From July 24 through July 29, Poisner, who lives in Overland Park, won gold medals in the 1,500-meter and 5K racewalks in Ames in the 90-94 age division, setting all-time records in both distances. He also holds the record times in the age 85-89 and age 80-84 divisions. During the same six-day period, Poisner also entered road races in Des Moines that were open to runners who had qualified by competing against other runners. Alan had qualified in the road race in Kansas by taking home a medal in the Kansas Senior Games walk events at Topeka. In Des Moines, he was the only person ewho walked both road races. In the 5K (90-94 division) he came in ahead of two runners. He earned the silver medal with a finishing time of 40 minutes, 05 seconds — the third-fastest time in nearly 40 years of these competitions for runners. The next day, he won a gold medal in the 1-mile road race, walking faster than the second-place runner.

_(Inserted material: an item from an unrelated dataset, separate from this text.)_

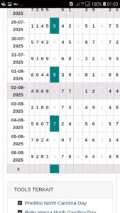 Prediksi North Carolina Day Jumat, 03-10-2025 | |
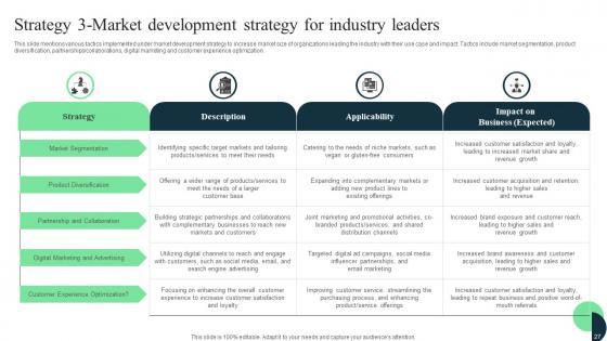 This slide mentions various tactics implemented under market development strategy to increase market size of organizations leading the industry with their use case and impact. Tactics include market segmentation, product diversification, partnerships or collaborations, digital marketing and customer experience optimization. There are so many reasons you need a Market Leaders Guide To Influence Strategy 3 Market Development Strategy For Industry Icons Pdf. The first reason is you can not spend time making everything from scratch, Thus, Slidegeeks has made presentation templates for you too. You can easily download these templates from our website easily. This slide mentions various tactics implemented under market development strategy to increase market size of organizations leading the industry with their use case and impact. Tactics include market segmentation, product diversification, partnerships or collaborations, digital marketing and customer experience optimization.

Poisner — a professor emeritus at the University of Kansas Medical Center— noted “accumulating evidence that runners slow down more than walkers as they pass the 85-90 age division, probably because long-term running is harder on the body than walking, where one foot must be on the ground at all times.” This was the last year that the National Senior Games will host racewalking events. The National Senior Games will now include only power walking, a less demanding event.

Poisner said he hopes to stay healthy enough to compete in the next Senior Games (2027) and may include power walking and road races in his list of events next year.